Supplied records:
--------
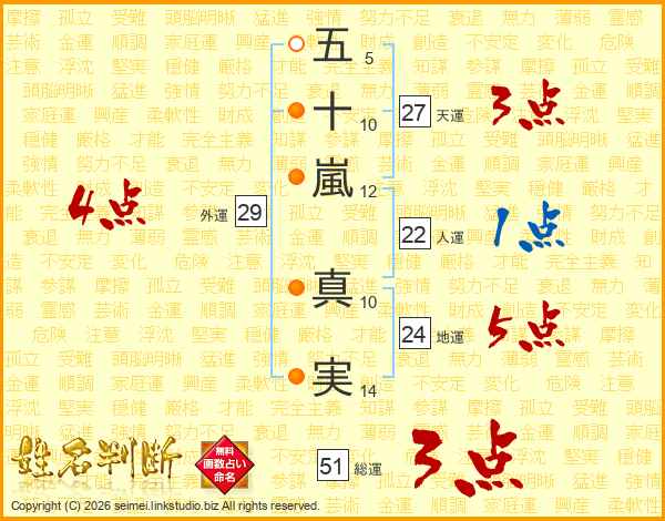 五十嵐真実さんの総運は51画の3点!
--------
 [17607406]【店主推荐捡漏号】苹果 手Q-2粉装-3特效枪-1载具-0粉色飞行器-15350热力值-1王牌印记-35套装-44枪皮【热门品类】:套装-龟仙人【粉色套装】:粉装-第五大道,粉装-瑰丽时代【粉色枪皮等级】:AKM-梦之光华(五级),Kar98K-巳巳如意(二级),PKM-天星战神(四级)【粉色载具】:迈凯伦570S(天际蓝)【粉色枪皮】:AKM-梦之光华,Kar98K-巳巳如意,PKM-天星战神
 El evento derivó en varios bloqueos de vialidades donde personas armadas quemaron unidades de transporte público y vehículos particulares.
--------
What you have to do: Above are records; repeat only the lines starting at the line with "[17607406]【店主推" and ending at the line with "El evento derivó", exactly as they appear, both included.

Solution:
 [17607406]【店主推荐捡漏号】苹果 手Q-2粉装-3特效枪-1载具-0粉色飞行器-15350热力值-1王牌印记-35套装-44枪皮【热门品类】:套装-龟仙人【粉色套装】:粉装-第五大道,粉装-瑰丽时代【粉色枪皮等级】:AKM-梦之光华(五级),Kar98K-巳巳如意(二级),PKM-天星战神(四级)【粉色载具】:迈凯伦570S(天际蓝)【粉色枪皮】:AKM-梦之光华,Kar98K-巳巳如意,PKM-天星战神
 El evento derivó en varios bloqueos de vialidades donde personas armadas quemaron unidades de transporte público y vehículos particulares.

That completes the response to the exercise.